Hale shook his head slowly. "I guess I'll never learn."
"Nonsense. William! It may take you a few years, perhaps even centuries. What of it? We have all eternity before us. Simply remember this." He tapped on the desk for emphasis. "Our business, let me repeat, is to torment the greatest number of people in the most efficient manner possible. War, or the fear of war, is the greatest mass torment. But there are other torments for nations, or classes within nations: unemployment, taxes, unbalanced budgets, business competition, threats of social upheavals, relief slashes, and so on. Even though the war crisis is our most absorbing problem at the moment, we must never cease using the smaller torments."

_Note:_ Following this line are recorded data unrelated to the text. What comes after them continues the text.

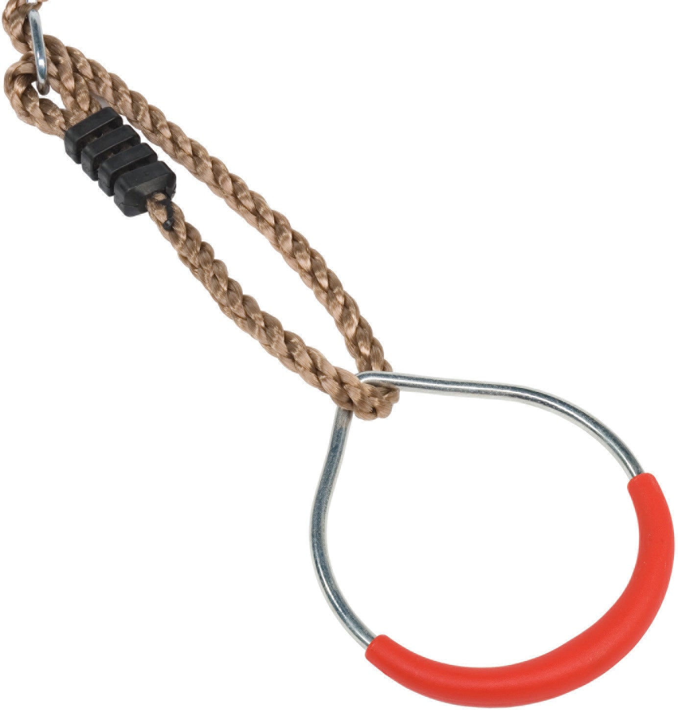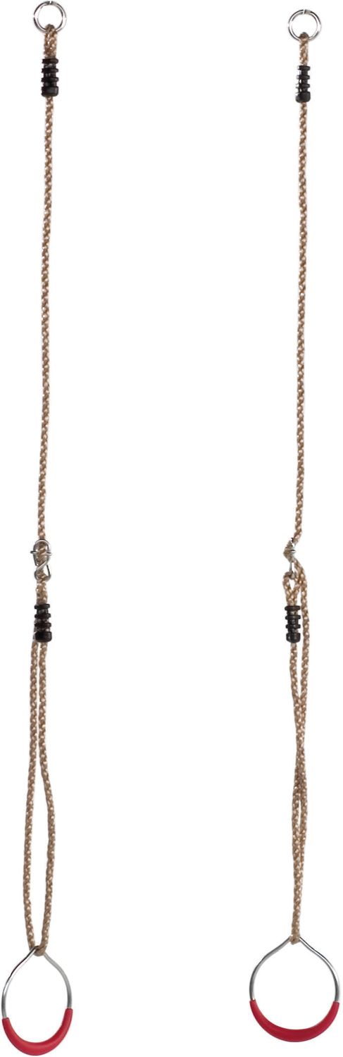 Med disse to gymnastikringe kan dine børn svinge sig ind i rebene og vise eller prøve deres gymnastikfærdigheder. Gymnastikringene er lavet af metal og beklædt med røde plastikhåndtag. De leveres sammen med de vejrbestandige PH-reb og kan nemt hænges i dine gyngeklemmer.
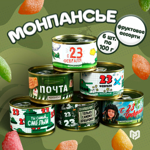 Подарочный набор леденцов 6 шт "С 23 февраля" в жестяной банке, ассорти вкусов
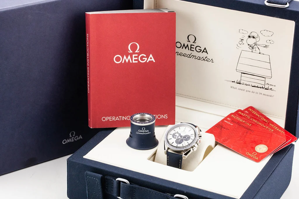 ·Up for sale is an excellent condition Omega Speedmaster Moonwatch Silver Snoopy Award 50th Anniversary, reference # 310.32.42.50.02.001. It comes with all boxes, papers, booklets, loupe tool, and Omega Warranty Card dated November 2021.
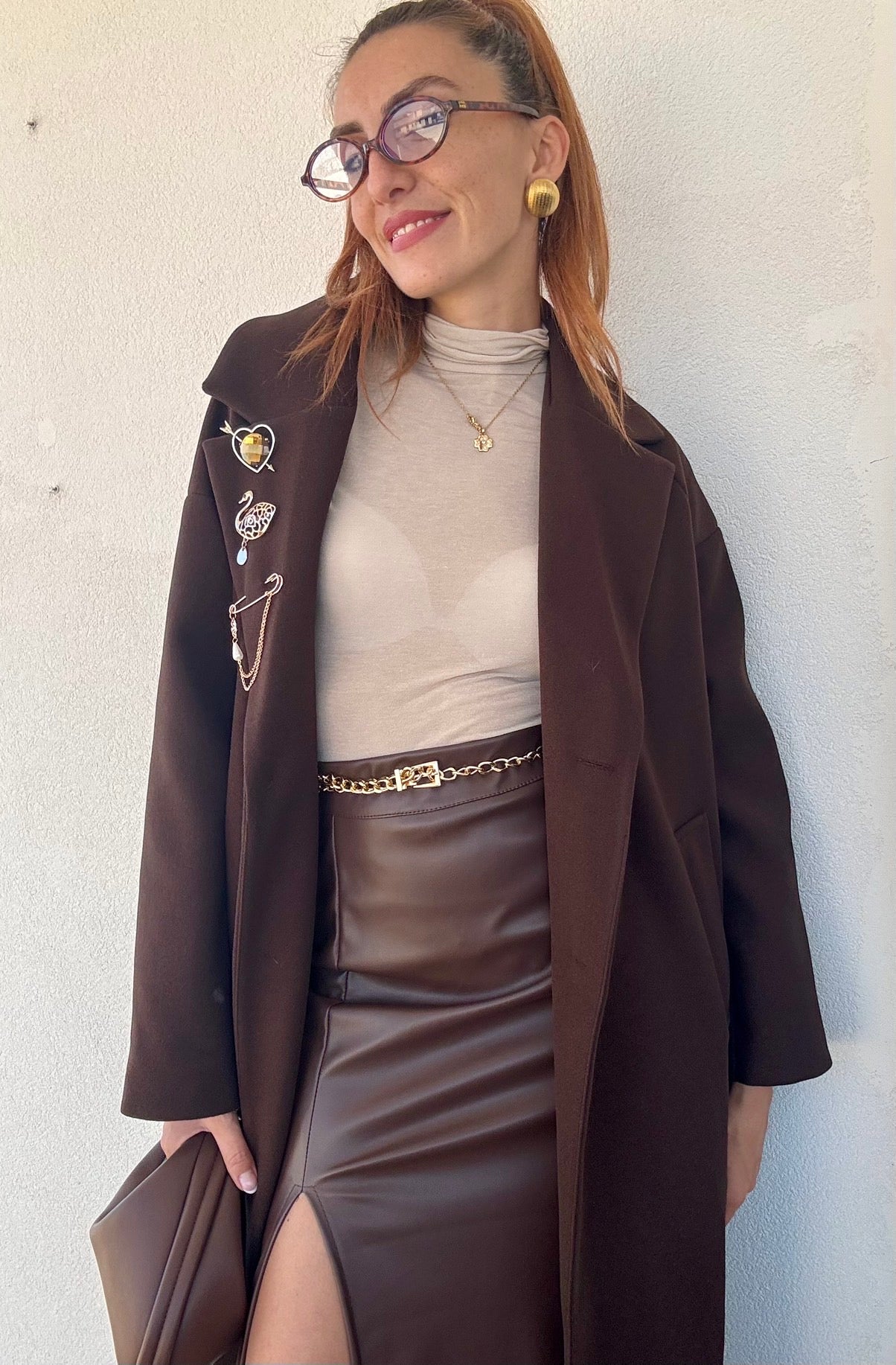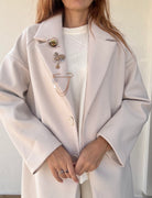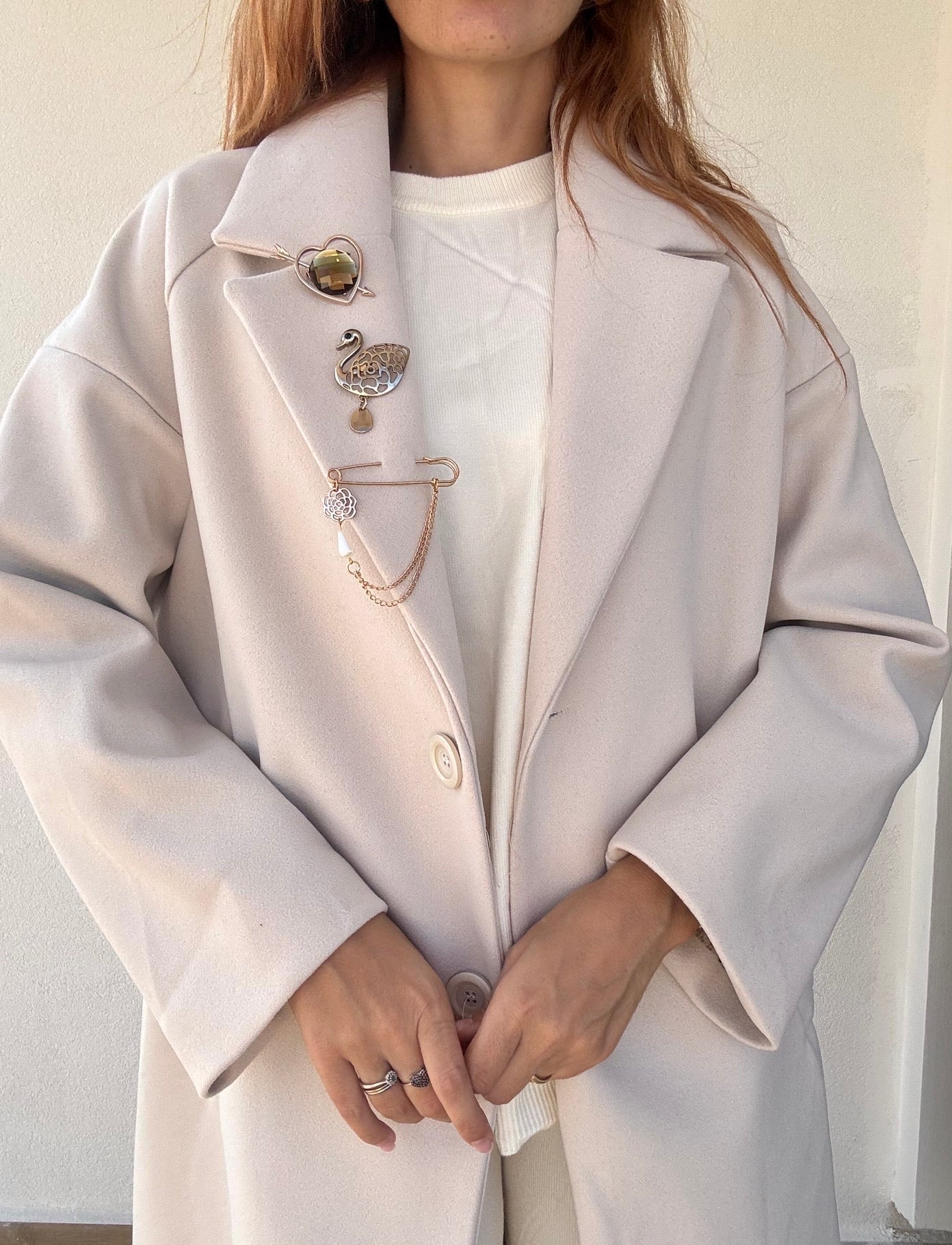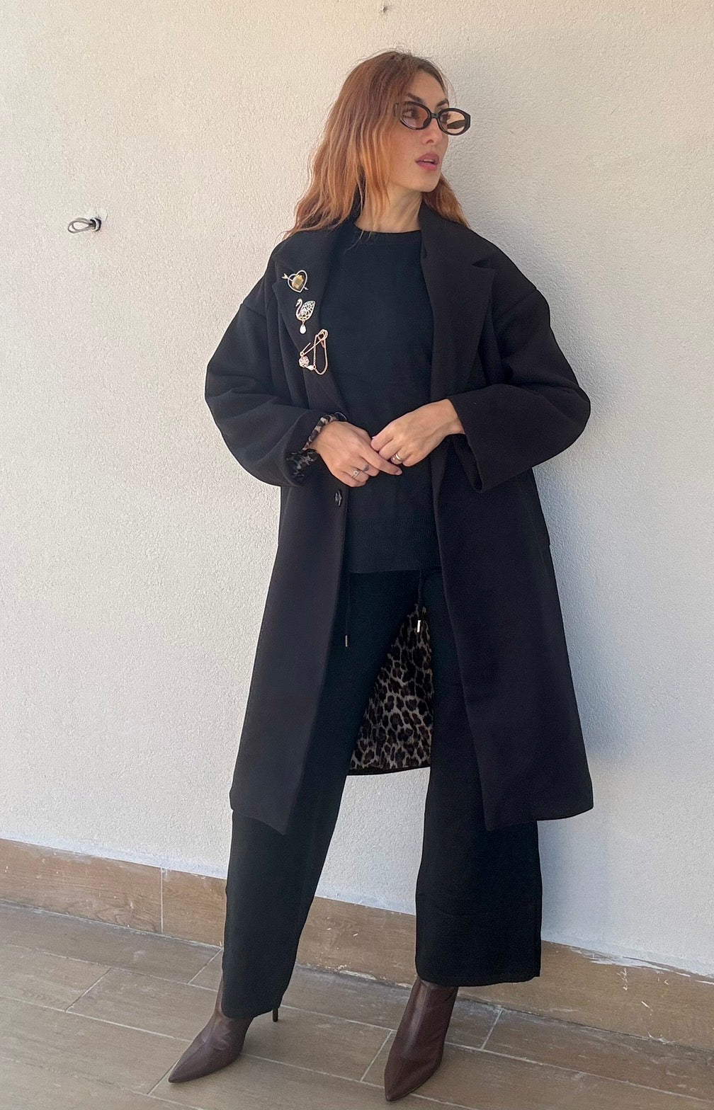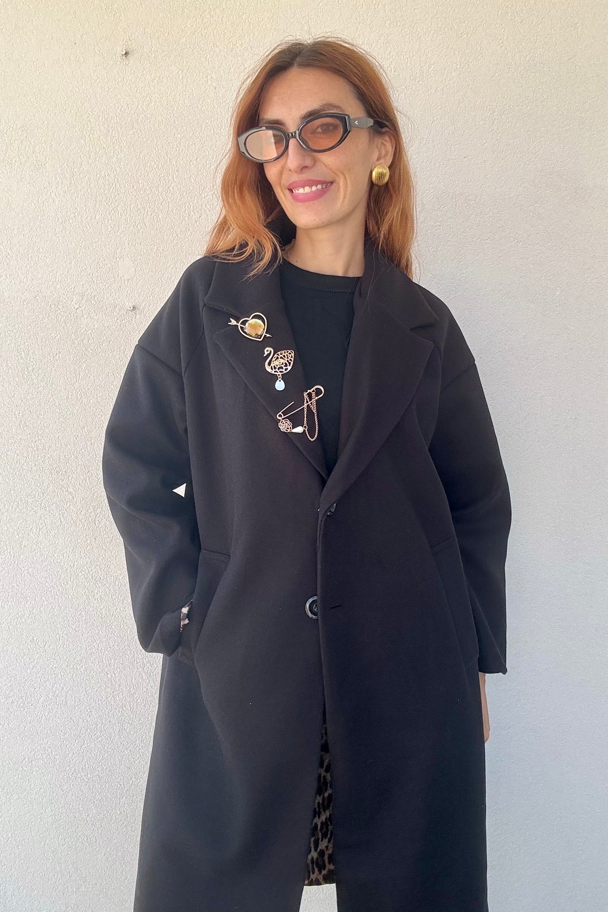Questo cappotto oversize con spille applicate sul davanti unisce stile e comodità in un unico capo. La taglia unica è studiata per vestire perfettamente anche chi porta una L, garantendo una vestibilità versatile e confortevole. Aggiungi un tocco di originalità al tuo guardaroba con questo capo distintivo e pratico.
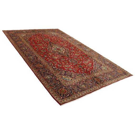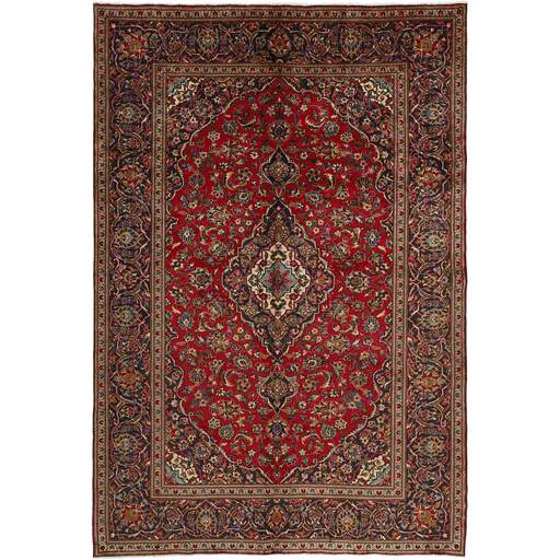 Keshan a toujours été célèbre pour son artisanat. Les villages se situent sur la route principale entre Ghom et Ispahan, dans le centre de l'Iran. À l'est, la région borde le plus grand désert d'Iran. Malgré le déclin de cet artisanat particulier au cours du XXe siècle, de nombreux tapis Keshan magnifiques sont toujours fabriqués conformément aux traditions des anciens maîtres, par exemple décorés de magnifiques motifs en médaillon ou de tapisseries représentant des motifs humains et animaux. Les motifs sont le plus souvent tissés autour d'un médaillon au centre du tapis, dont certains se répètent dans les coins. Les autres champs sont densément décorés de fleurs et de vignes réalistes. La bordure principale présente souvent le motif « Herati » (une feuille arquée), tandis que les bordures secondaires présentent des rosettes. Le rouge brique et le bleu foncé sont les couleurs de base les plus courantes. Keshan est une ville d'environ 300 000 habitants, située dans la province d'Ispahan, dans le centre de l'Iran. Elle est plutôt basse et il fait très chaud en été. Traditionnellement, les gens ont cherché à remédier à ce problème en construisant les maisons dans le sol. Keshan produit des tapis en laine et en soie. Les premiers ont une chaîne et une trame en coton, la trame étant bleue. Plusieurs qualités sont produites, mais la plupart des tapis Keshan sont très finement noués et entièrement couvrants. La forme d'un médaillon Keshan est assez particulière ; elle est faite d'une alternance de lignes courbes et d'angles droits. Les couleurs les plus courantes sont un champ rouge et un médaillon bleu, avec des détails secondaires dans d'autres couleurs. Les garnitures d'un tapis Keshan sont également spéciales ; la garniture principale est normalement entourée de rayures qui forment un motif géométrique, généralement de petits triangles bleus et rouges. Les tapis Keshan existent dans toutes les tailles. La ville de Natanez, au sud-est du pays, a donné son nom à des tapis d'image réalisés avec le même nouage que les Keshan.
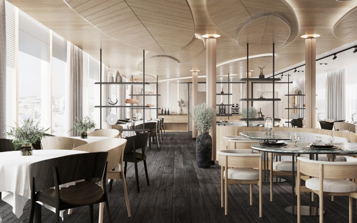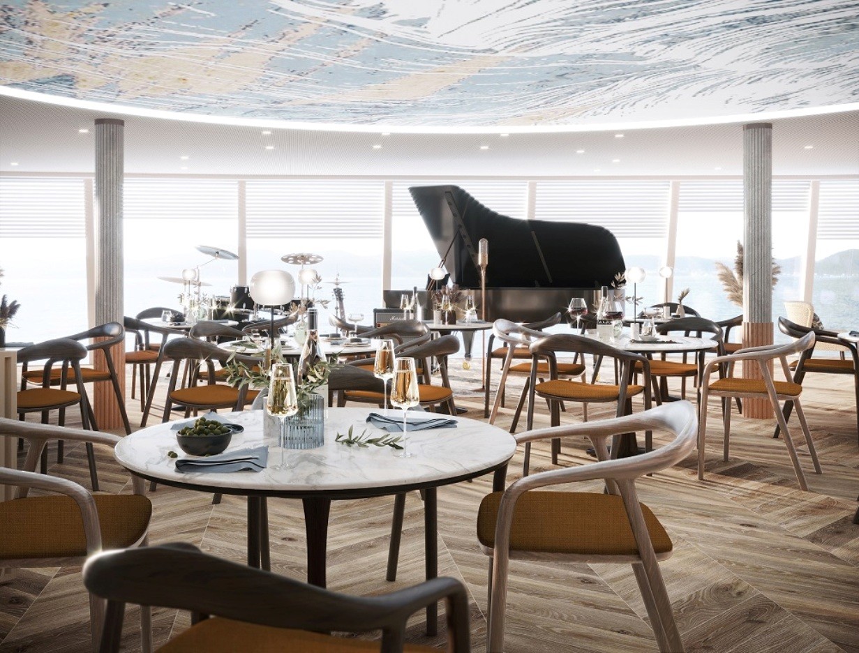 Основная зона ресторана рассчитана на 172 посадочных места, в которой благодаря панорамному остеклению открывается прекрасный вид на пейзажи за бортом. Веранда рассчитана на 24 места, где можно наслаждаться приёмом пищи и видами на свежем воздухе. В ресторане есть приватная зона на 8 мест, идеально подходит для особого случая или частного мероприятия.

Quite naturally, Hale had been feeling increasingly unsure of himself. His motive in forcing Lucifer to give him a partnership had been nothing more satanic than a desire for wealth, luxury, security, and a little power — enough to make him feel important. He felt inadequate, though, when it came to ruling the world with Lucifer.
"What am I supposed to do while you're gone?" he asked uneasily.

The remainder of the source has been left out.